• WORK ORDER: Look through the data below and output, unchanged, every line from the one holding "五六島のスカイウォークは、ガ" through the one holding "經測量計算可得該被測齒輪左、右齒面任一齒距累積偏差,將其繪成曲線,分別如圖 7 和圖", inclusive. Skip the pictures.

• TASK INPUTS:
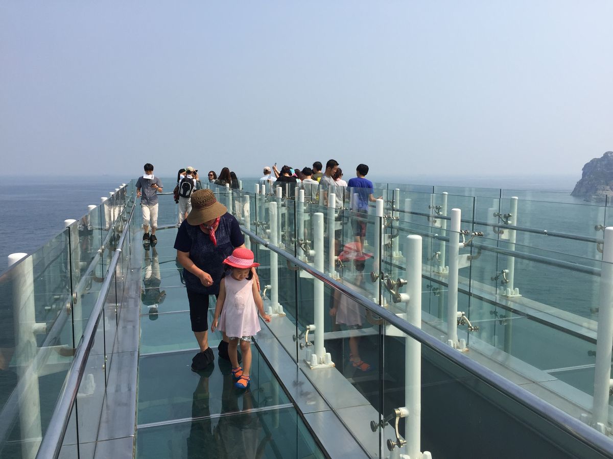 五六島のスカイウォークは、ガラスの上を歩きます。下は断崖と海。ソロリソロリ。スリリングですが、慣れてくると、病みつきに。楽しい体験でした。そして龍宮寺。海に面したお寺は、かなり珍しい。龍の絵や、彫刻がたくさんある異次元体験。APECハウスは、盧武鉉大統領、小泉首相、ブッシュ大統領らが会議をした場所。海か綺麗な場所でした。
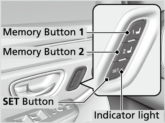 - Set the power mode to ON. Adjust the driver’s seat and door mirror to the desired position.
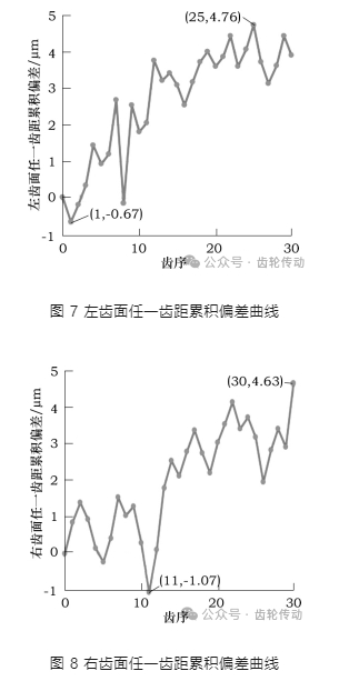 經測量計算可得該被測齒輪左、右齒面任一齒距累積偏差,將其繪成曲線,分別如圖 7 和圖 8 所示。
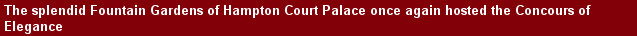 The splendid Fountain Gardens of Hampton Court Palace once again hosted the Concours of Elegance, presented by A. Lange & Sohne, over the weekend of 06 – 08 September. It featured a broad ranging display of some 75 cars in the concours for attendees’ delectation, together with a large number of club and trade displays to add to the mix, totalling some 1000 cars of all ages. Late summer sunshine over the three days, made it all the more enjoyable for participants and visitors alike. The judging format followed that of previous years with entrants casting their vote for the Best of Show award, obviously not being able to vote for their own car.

---

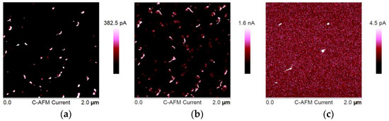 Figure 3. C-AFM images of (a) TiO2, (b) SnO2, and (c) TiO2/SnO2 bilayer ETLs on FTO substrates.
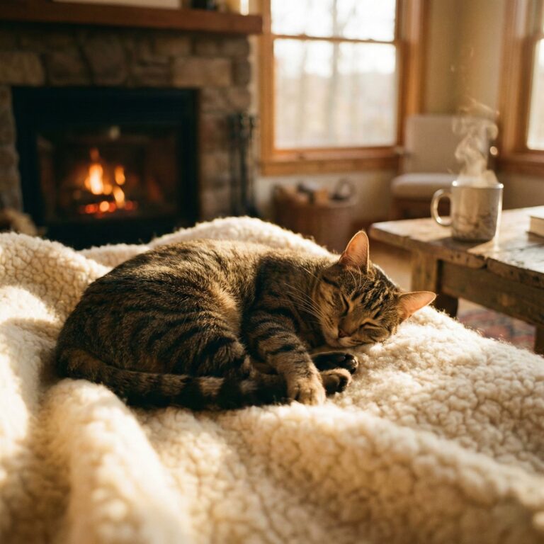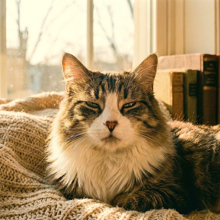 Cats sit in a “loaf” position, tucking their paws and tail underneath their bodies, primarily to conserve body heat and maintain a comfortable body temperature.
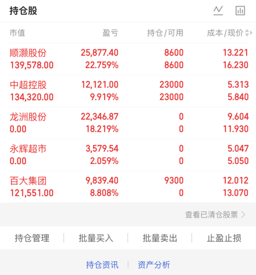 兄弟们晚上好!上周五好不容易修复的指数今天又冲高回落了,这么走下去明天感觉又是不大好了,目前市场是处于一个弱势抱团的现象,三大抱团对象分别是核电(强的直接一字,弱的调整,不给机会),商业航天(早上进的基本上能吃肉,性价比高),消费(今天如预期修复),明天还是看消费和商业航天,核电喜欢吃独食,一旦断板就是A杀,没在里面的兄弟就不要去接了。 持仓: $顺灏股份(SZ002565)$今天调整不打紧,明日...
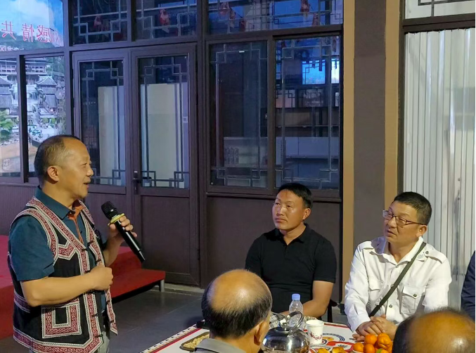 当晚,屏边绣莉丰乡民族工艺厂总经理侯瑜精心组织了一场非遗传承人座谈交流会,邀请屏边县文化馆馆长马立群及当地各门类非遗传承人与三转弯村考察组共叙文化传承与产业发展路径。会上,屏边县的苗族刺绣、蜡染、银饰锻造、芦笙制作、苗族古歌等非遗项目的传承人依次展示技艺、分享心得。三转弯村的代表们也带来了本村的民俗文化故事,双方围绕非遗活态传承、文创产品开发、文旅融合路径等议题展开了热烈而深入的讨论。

• EXERCISE ANSWER:
 五六島のスカイウォークは、ガラスの上を歩きます。下は断崖と海。ソロリソロリ。スリリングですが、慣れてくると、病みつきに。楽しい体験でした。そして龍宮寺。海に面したお寺は、かなり珍しい。龍の絵や、彫刻がたくさんある異次元体験。APECハウスは、盧武鉉大統領、小泉首相、ブッシュ大統領らが会議をした場所。海か綺麗な場所でした。
 - Set the power mode to ON. Adjust the driver’s seat and door mirror to the desired position.
 經測量計算可得該被測齒輪左、右齒面任一齒距累積偏差,將其繪成曲線,分別如圖 7 和圖 8 所示。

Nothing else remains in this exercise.